Tuesday, July 23, 2013
7:30 p.m.
$9 (complimentary hors d'oeuvres provided)
At
Z Space
450 Florida St
(between 17th St and Mariposa St)
To attend, please RSVP by noon on Tuesday, May 21st to roughcutsrsvp@yahoo.com
Impossible Light
Directed by Jeremy Ambers
Ask anyone outside of the United States, and chances are, they think that San Francisco only has one bridge. And for most Bay Area residents, since it was finished in 1936, the Bay Bridge has been nothing more than a daily complaint from local commuters, a heap of steel that only an overachieving architectural student would take a real interest in.

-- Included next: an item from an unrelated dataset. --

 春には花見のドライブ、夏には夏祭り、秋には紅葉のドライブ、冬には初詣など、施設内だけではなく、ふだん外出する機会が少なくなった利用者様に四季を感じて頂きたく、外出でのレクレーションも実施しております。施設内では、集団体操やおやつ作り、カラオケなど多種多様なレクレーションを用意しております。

Until the evening of March 5th, 2013, when suddenly, the San Francisco skyline was transformed by an unlikely sight: 25,000 LED lights that, for perhaps the first time — save the 1989 earthquake and other bridge collapses — caused people to turn their gaze away from the Bay Bridge's iconic sister. How did this happen? Who was behind this eight-million-dollar installation? And how in the world did the artist, his team, and San Francisco pull it off?

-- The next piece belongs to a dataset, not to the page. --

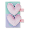 The Izzy Velvet Heart GRWM Barrette Set by Locks & Mane is crafted from soft velvet in a rich pink hue. Each barrette features a heart-shaped design and secures your hair in place without leaving any creases, allowing you to get ready to take on the day!
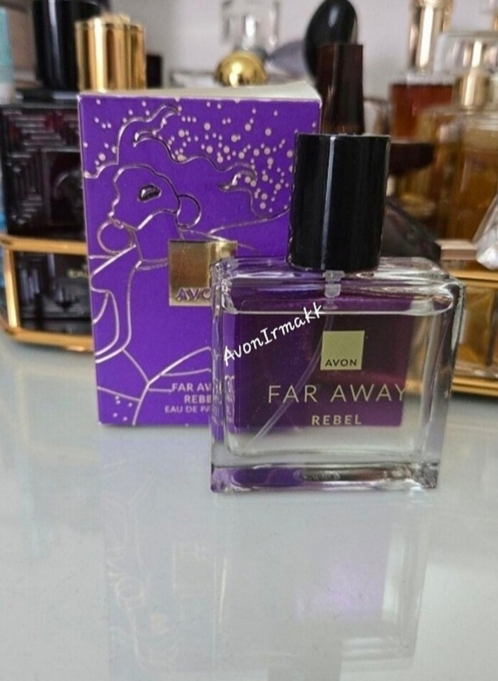 Avon Far Away Rebel kadın parfümü, siyah kapaklı şık cam şişede ve çiçek desenli mor kutuda sunulmaktadır.

Jeremy Ambers' illuminating, riveting documentary, "Impossible Light" sheds light on these questions, while chronicling the drama and child-like daring behind a project whose "impossibility made it possible."
Moderator: Nadia Shihab
Nadia Shihab is a filmmaker and experimental musician. She has composed scores for film and has performed in site-specific collaborations at the de Young Museum and Grace Cathedral in San Francisco. Her most recent film, the short "Amal's Garden," was an Official Selection of the Cinema du Reel Festival at the Centre Pompidou in Paris and the Dubai International Film Festival, among others.